The supplement producer can make a Structure/Function Claim. For example, the bottle might say to take Vitamin D for immune system function.

Alternatively, the Vitamin D producer might ask the FDA for permission to make a Qualified Health Claim. For example, it might ask to be able to say that Vitamin D may prevent or treat the flu (note the qualifying term “may”).

But the FDA does not like Qualified Health Claims and will almost always deny them. It will typically say the science is not strong enough. To reach this conclusion, it will throw out most scientific studies because they have not been set up in the form of standard FDA drug trials.

The FDA seems to want, and the Center for Science in the Public Interest says it wants, the abolition of both Structure/Function Claims and Qualified Health Claims. They seem to want food, supplements, and drugs to be treated exactly alike. No health claims of any sort would be allowed unless the product was brought through the full FDA approval process.

At first glance, this might seem both fair and logical. Why not treat everything alike?
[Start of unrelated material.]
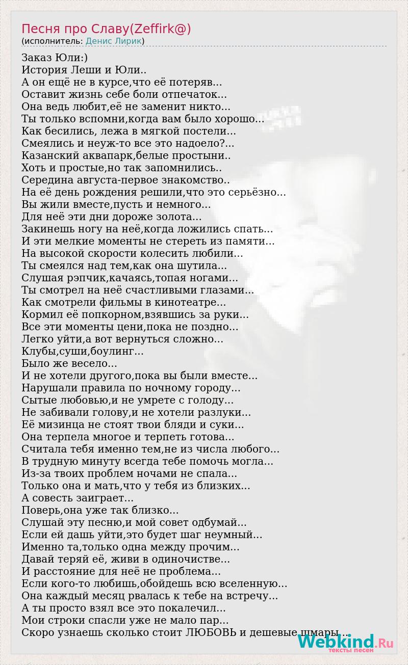 Заказ Юли:) История Леши и Юли.. А он ещё не в курсе,что её потеряв... Оставит жизнь себе боли отпечаток... Она ведь любит,её не заменит никто... Ты только вспомни,когда вам было хорошо... Как бесились, лежа в мягкой постели... Смеялись и неуж-то все это надоело?... Казанский аквапарк,белые простыни.. Хоть и простые,но так запомнились.. Середина августа-первое знакомство.. На её день рождения решили,что это серьёзно... Вы жили вместе,пусть и немного... Для неё эти дни дороже золота... Закинешь ногу на неё,когда ложились спать... И эти мелкие моменты не стереть из памяти... На высокой скорости колесить любили... Ты смеялся над тем,как она шутила... Слушая рэпчик,качаясь,топая ногами... Ты смотрел на неё счастливыми глазами... Как смотрели фильмы в кинотеатре... Кормил её попкорном,взявшись за руки... Все эти моменты цени,пока не поздно... Легко уйти,а вот вернуться сложно... Клубы,суши,боулинг... Было же весело... И не хотели другого,пока вы были вместе... Нарушали правила по ночному городу... Сытые любовью,и не умрете с голоду... Не забивали голову,и не хотели разлуки... Её мизинца не стоят твои бляди и суки... Она терпела многое и терпеть готова... Считала тебя именно тем,не из числа любого... В трудную минуту всегда тебе помочь могла... Из-за твоих проблем ночами не спала... Только она и мать,что у тебя из близких... А совесть заиграет... Поверь,она уже так близко... Слушай эту песню,и мой совет одбумай... Если ей дашь уйти,это будет шаг неумный... Именно та,только одна между прочим... Давай теряй её, живи в одиночистве... И расстояние для неё не проблема... Если кого-то любишь,обойдешь всю вселенную... Она каждый месяц рвалась к тебе на встречу... А ты просто взял все это покалечил... Мои строки спасли уже не мало пар... Скоро узнаешь сколько стоит ЛЮБОВЬ и дешевые шмары...

Why not subject food, supplements, and drugs to the same standard?

But this is not at all fair or logical. It is actually both unfair and completely illogical. It omits an all important fact: the staggering cost of FDA approval: up to $1 billion for a single product.

Drug companies can afford to pay these horrendous sums. For one thing, they can charge as much as $100 a pill. And how can they get away with charging so much? Because drugs are usually patented.

The patent together with FDA approval creates a monopoly. This is a government sanctioned and enforced monopoly, and it makes drug companies the most profitable businesses in America.

Another important fact: natural substances cannot usually be patented (they were after all, designed and created by nature). At least the rules say that they cannot be. Does this mean that drug companies avoid natural substances? Of course not.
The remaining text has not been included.